All of the listing must be given again exactly, except that the images are dropped.

• _Entries supplied_:
□ □ □
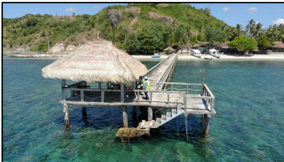
Gambar 2. Dokumentasi Survei Menggunakan Drone di Lokasi Pekerjaan Penyusunan Dokumen Studi Kelayakan Dermaga Sebagai Terminal Khusus Cocotinos Sekotong A Boutique Beach Hotel And Resort
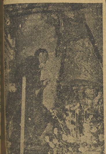
Uno de los primeros actos del señor Ruiz Jiménez, en su primera jornada valenciana, fué el piadoso besamanos de nuestra Patrona, la Virgen de los Desamparados.
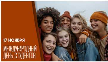
17 НОЯБРЯ МЕЖДУНАРОДНЫЙ ДЕНЬ СТУДЕНТОВ

Для студентов День студента — это не только повод получать знания и учиться. Это — активное участие в жизни общества. Многие из них активно занимаются благотворительностью, волонтерством, экологическими инициативами и движениями за права человека. Они организуют благотворительные акции, участвуют в экологических субботниках, помогают в приютах для животных и собирают средства для социальных программ. Эти поступки подчеркивают, что каждый из них способен внести свой вклад и стать агентом позитивных перемен. Когда коллектив молодых людей объединяется, чтобы делать добро, масштабы их усилий заметно возрастают. Именно такие добрые дела рожают настоящие чудеса, создают атмосферу единства и вдохнове-
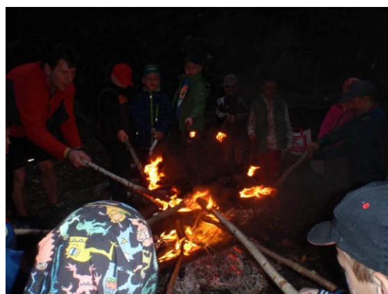
Obr.39: Dřevěné louče, 24. 9. 2014 Obr. 40: Trosečnickův slib, 24. 9. 2014
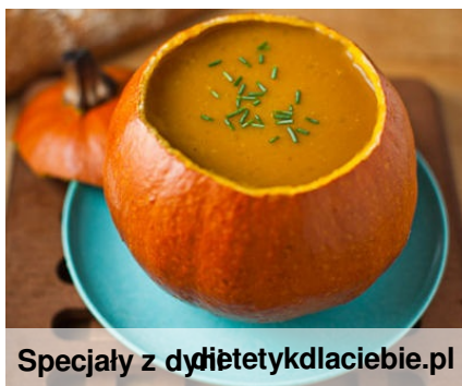
Specjały z dyni dietykdlaciebie.pl

Dynia jest bogata w minerały i witaminy, a dodatkowo ma bardzo mało kalorii. Proponuje my smaczną zupę z dyni.
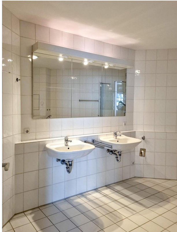
Badezimmer - Teilansicht 1
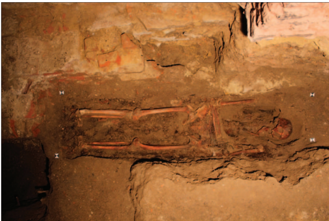
Sl. 13 Grob 60, djelomično položen na južni zid starije crkve (SJ 178), koji je njegovim ukopom oštećen

Fig. 12 Junction of the southern (SU 1783) and façade (SU 284) wall of the oldest church
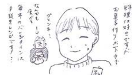
金沢市 ゆっきーな
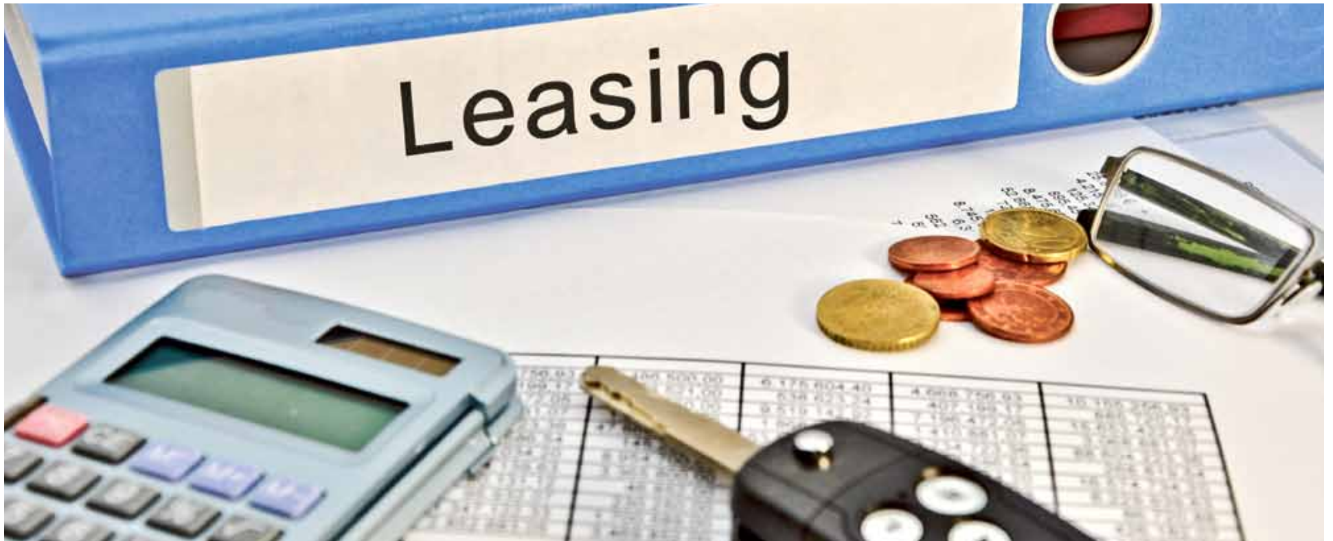
Wartość ogółem ruchomości i nieruchomości oddanych w leasing w 2017 r. (w tys zł)
□ □ □
• _Exercise result_:
Gambar 2. Dokumentasi Survei Menggunakan Drone di Lokasi Pekerjaan Penyusunan Dokumen Studi Kelayakan Dermaga Sebagai Terminal Khusus Cocotinos Sekotong A Boutique Beach Hotel And Resort
Uno de los primeros actos del señor Ruiz Jiménez, en su primera jornada valenciana, fué el piadoso besamanos de nuestra Patrona, la Virgen de los Desamparados.
17 НОЯБРЯ МЕЖДУНАРОДНЫЙ ДЕНЬ СТУДЕНТОВ

Для студентов День студента — это не только повод получать знания и учиться. Это — активное участие в жизни общества. Многие из них активно занимаются благотворительностью, волонтерством, экологическими инициативами и движениями за права человека. Они организуют благотворительные акции, участвуют в экологических субботниках, помогают в приютах для животных и собирают средства для социальных программ. Эти поступки подчеркивают, что каждый из них способен внести свой вклад и стать агентом позитивных перемен. Когда коллектив молодых людей объединяется, чтобы делать добро, масштабы их усилий заметно возрастают. Именно такие добрые дела рожают настоящие чудеса, создают атмосферу единства и вдохнове-
Obr.39: Dřevěné louče, 24. 9. 2014 Obr. 40: Trosečnickův slib, 24. 9. 2014
Specjały z dyni dietykdlaciebie.pl

Dynia jest bogata w minerały i witaminy, a dodatkowo ma bardzo mało kalorii. Proponuje my smaczną zupę z dyni.
Badezimmer - Teilansicht 1
Sl. 13 Grob 60, djelomično položen na južni zid starije crkve (SJ 178), koji je njegovim ukopom oštećen

Fig. 12 Junction of the southern (SU 1783) and façade (SU 284) wall of the oldest church
金沢市 ゆっきーな
Wartość ogółem ruchomości i nieruchomości oddanych w leasing w 2017 r. (w tys zł)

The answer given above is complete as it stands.